Mine de rien, les électeurs québécois ont réussi quelque chose d'assez unique. Élire un gouvernement majoritaire à l'intérieur d'une Assemblée nationale plus diversifiée idéologiquement que jamais.

Commençons par la surprise. Ce n'est pas un triomphe, mais c'est certainement une victoire pour Pauline Marois. Le PQ fait beaucoup mieux qu'avec André Boisclair en 2007. Il reprend l'opposition officielle, comme prévu. Mais ce qui n'était pas prévu, c'est que le parti souverainiste réussisse aussi bien : une douzaine de sièges le séparent du pouvoir, à environ 7% des libéraux. En période d'inquiétude économique, c'est plutôt remarquable.

On voit mal les militants l'évincer après cela.

Continuons par la demi-surprise. Mario Dumont n'a pas assez de députés pour être reconnu comme parti officiel, mais il en a trop pour qu'on le raye de la carte, comme certains sondages nous le suggéraient. Il n'en a surtout pas assez pour continuer l'aventure. Lui parti, qu'adviendra-t-il de l'ADQ? Ce parti a peut-être un an pour nous dire s'il a des racines ou seulement des votes. Mais, même dans l'improvisation, même dans ses accès démagogiques, il a représenté une mouvance conservatrice qui n'a pas d'autre expression politique au Québec. Il a abordé plusieurs sujets tabou : privatisation partielle d'Hydro et du système de santé, place de l'État dans l'économie québécoise, rôle des commissions scolaires, etc. Sujets sur lesquels le PLQ et le PQ disent à peu près la même chose - et de plus en plus.

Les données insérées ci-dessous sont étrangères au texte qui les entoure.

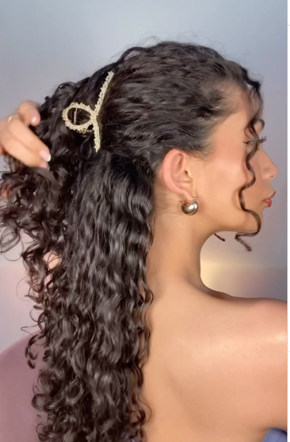 Curly Hair Half-Up Claw Clip Style
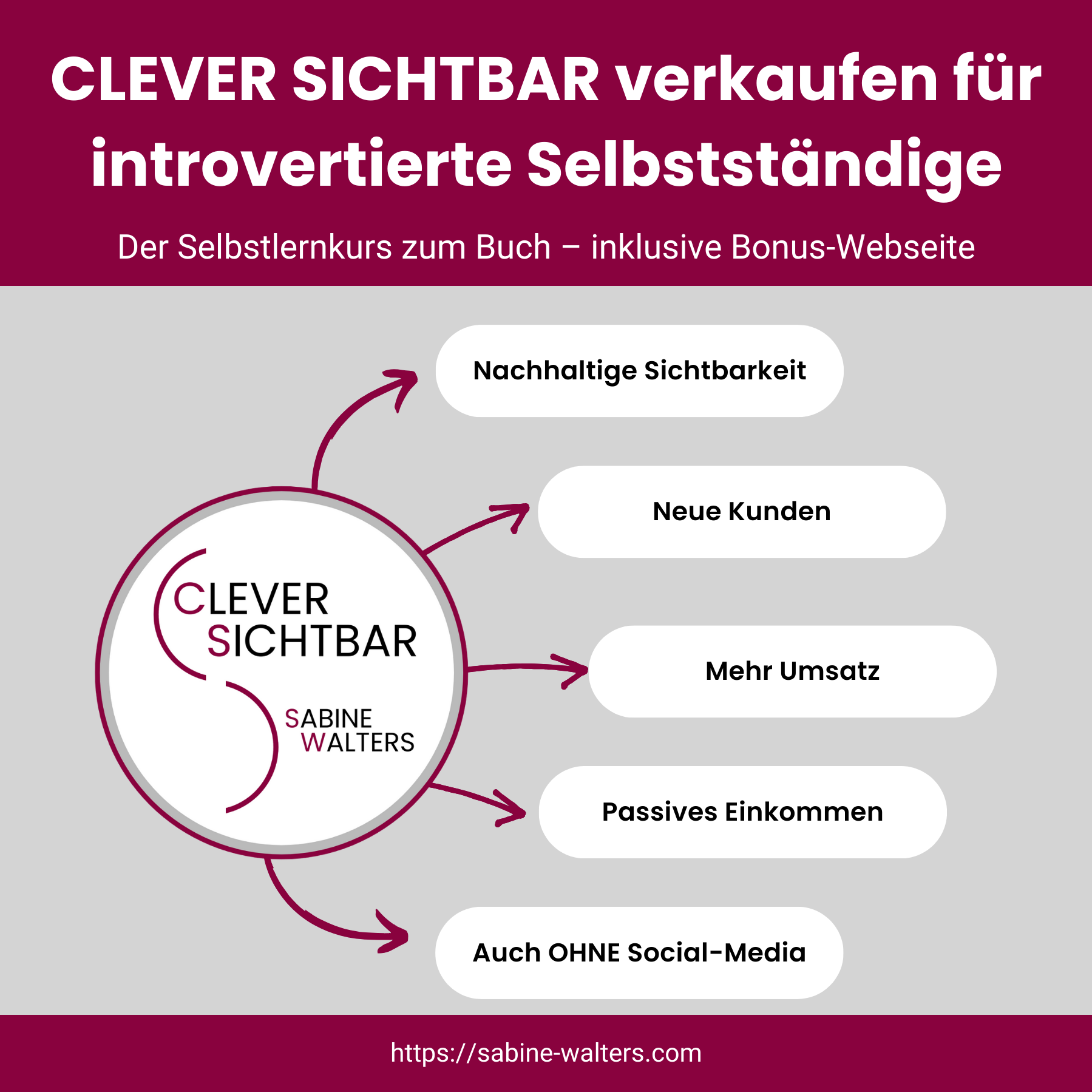 In "Clever sichtbar verkaufen für introvertierte Selbstständige" teile ich meine persönlichen Erfahrungen und Marketingstrategien, die speziell auf die Bedürfnisse von introvertierten Menschen zugeschnitten sind.

Et puis, il y a cette nouveauté assez énorme : l'élection du premier député de Québec solidaire, un parti dont on a beaucoup parlé, mais qui a recueilli moins de votes que les verts en 2007. Avec l'élection d'Amir Khadir, on peut avancer que l'Assemblée nationale n'a jamais connu un spectre idéologique aussi large : voici maintenant un représentant d'un parti fermement ancré à gauche et sept représentants de l'ADQ, clairement à droite, autour d'un noyau de députés des deux principaux partis assez interchangeables au plan idéologique en santé, en éducation, en économie, le PQ et le PLQ n'étant vraiment séparés au bout du compte que par la question constitutionnelle et les lois linguistiques.

Plus que jamais, donc, la présence de voix discordantes, à droite et à gauche, devient nécessaire - c'est peut-être précisément la cause de leur présence.

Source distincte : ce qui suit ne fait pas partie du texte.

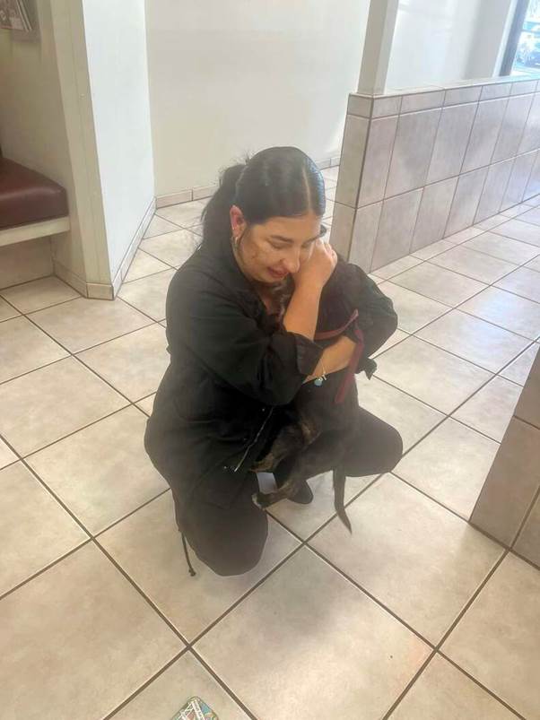 Marley’s family rushed to the pet hospital, their hearts pounding with anticipation. When his mom walked through the door, Marley froze for just a second, then his ears perked up in recognition.
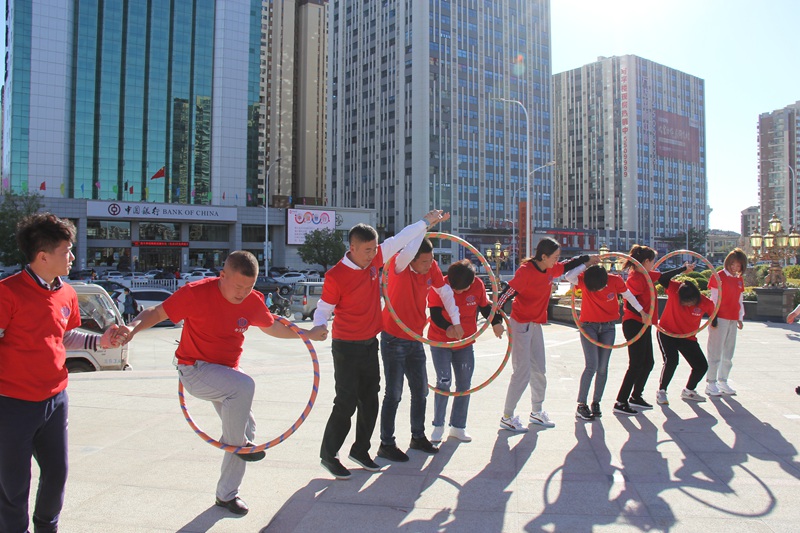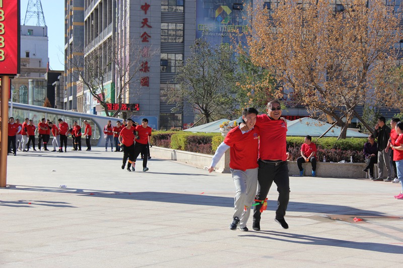 “激情傳遞”每隊(duì)10人。比賽開始前,所有隊(duì)員手拉手平舉排成一隊(duì),從一端一個(gè)人的手中將第一個(gè)呼啦圈進(jìn)行依次專遞,直至第5個(gè)呼啦圈傳遞到隊(duì)伍的最后一個(gè)人手中。本項(xiàng)目考驗(yàn)的是團(tuán)員之間團(tuán)結(jié)協(xié)作的能力,天運(yùn)(嘉晨)公司公司以絕對(duì)的優(yōu)勢(shì)取得第一名,集團(tuán)一隊(duì)緊隨其后,取得第二名。
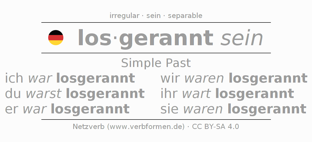 The conjugation of losrennen in Imperfect Indicative Past Statal Passive is ich war losgerannt, du warst losgerannt, er war losgerannt, wir waren losgerannt, ihr wart losgerannt, sie waren losgerannt.The conjugation corresponds to certain grammatical rules. Likewise the requirements for the conjugation of the simple verb forms of losrennen in Imperfect. Comments ☆

On n'aurait pas cru la chose possible avec notre mode de scrutin, qui a tendance à faire disparaître les voix plus marginales. Mais les électeurs, dirait-on, ont déjoué cette vieille logique de la science politique et ont trouvé le moyen d'exprimer une largeur de vue plus représentative de la société québécoise, dans ce cadre pourtant contraignant qui ne reflète pas justement les suffrages exprimés.

Charest : les moyens de ses ambitions

Pendant la campagne, Jean Charest disait que ce qu'il préparait en ce moment, c'était pour «après la tempête».

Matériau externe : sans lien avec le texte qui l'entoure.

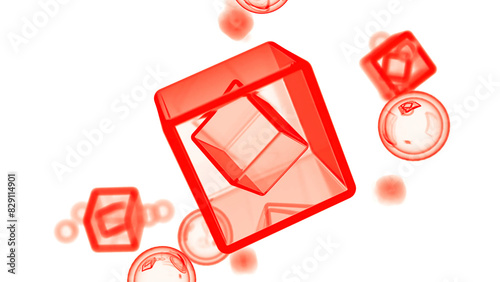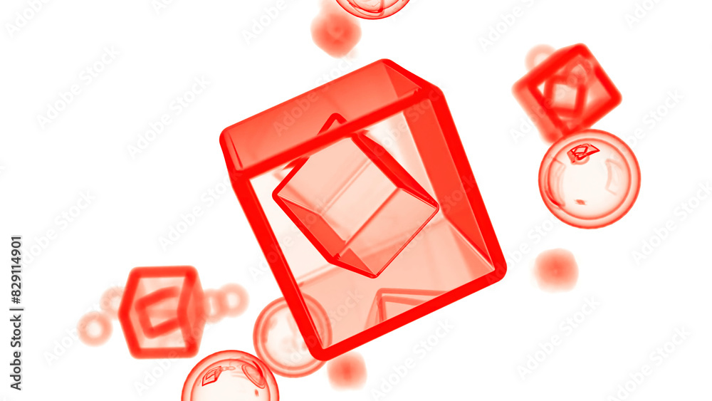 Wall mural 3d cubes rotating in virtual space. design. transparent cubes and round bubbles. - Wall murals Wall mural 3d cubes rotating in virtual space. design. transparent cubes and round bubbles. - Wall murals
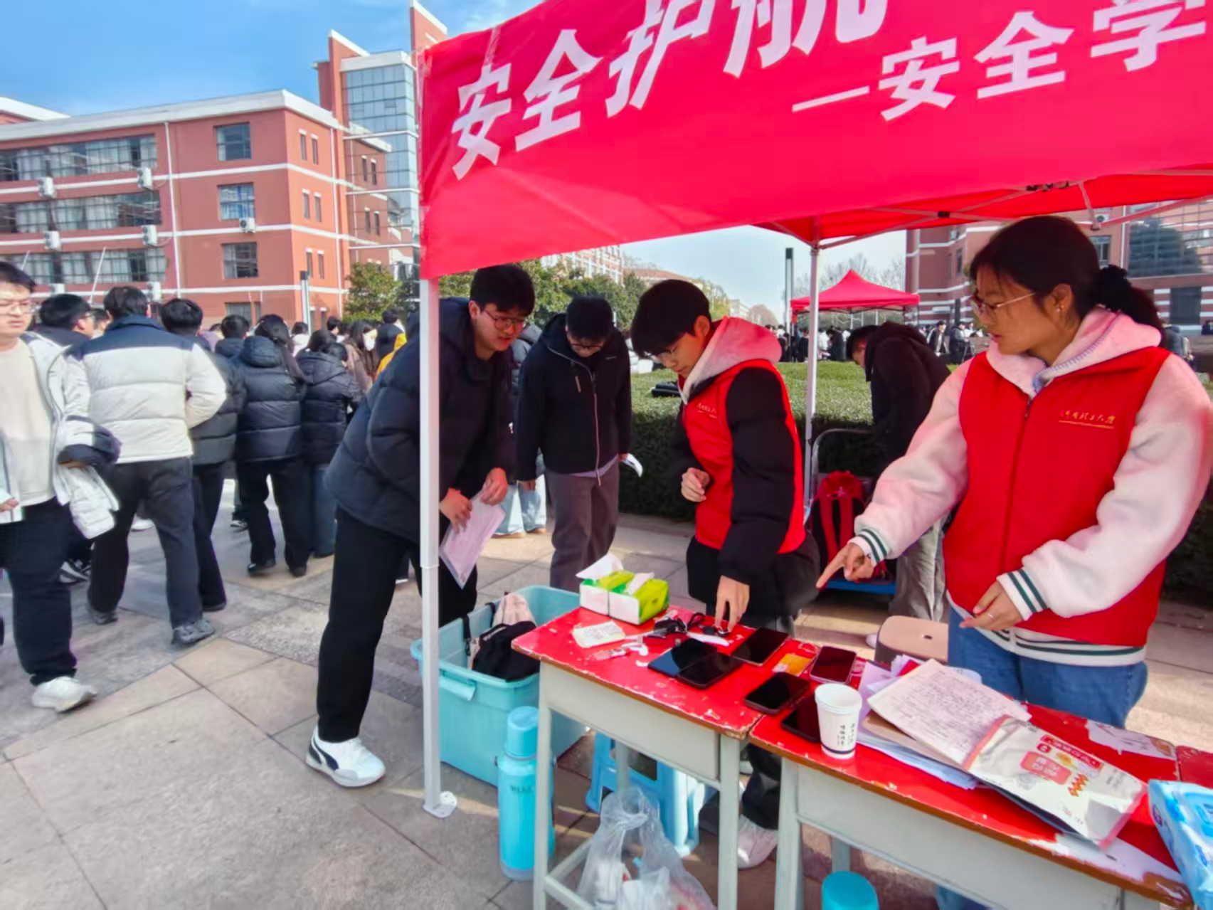 为助力安全学子实现学业梦想,2025 年全国硕士研究生招生考试期间,安全学院青年志愿者协会、安全学院本科生党支部在一教、二教及三教周边设立了两个志愿服务站,开展“安全护航,研路同行”志愿服务,为考研学子提供保障与支持,让寒冬里的逐梦旅程满是暖意。

Il a ce matin une courte majorité, mais une majorité quand même. Reconnaissons que lui aussi était un politicien «fini» autour de 2005, puis à moitié mort l'an dernier. Il se porte visiblement mieux. Pour la tempête et pour après.

Il a donc quatre ans devant lui pour être autre chose devant l'histoire qu'un premier ministre relativement médiocre, sans terrible vice ni grande vertu.

Quatre ans. Quatre ans pour laisser sa marque. Il a de grandes ambitions, ces derniers temps, du moins dans ses discours. Il parle du Grand Nord, il parle d'ententes économiques avec l'Europe. Il a des accents nationalistes de plus en plus prononcés. Il parlait encore hier soir de la place du Québec «non seulement dans le Canada, mais dans le monde».

Mais quand on semble encore incapable de simplement construire un hôpital universitaire, on a comme un doute.

Il y a trop de CHUM qui traînent dans le paysage québécois pour qu'on prenne au sérieux les ambitions soudainement très vastes de Jean Charest.

Ces derniers temps, son gouvernement a surtout évité de faire des erreurs. Il a promis large et haut et loin cette année. Il n'aura plus l'excuse de la minorité pour ne pas faire avancer les choses en éducation, du primaire à l'université, ce qui est quand même la clé du développement d'une société. Puis en santé, et, évidemment, puisque c'était son thème, dans le développement économique. On a hâte de voir ça, M. Charest. C'est ce mandat que ça se passe, n'est-ce pas?

À Québec, ils n'auront jamais été aussi diversifiés pour vous surveiller.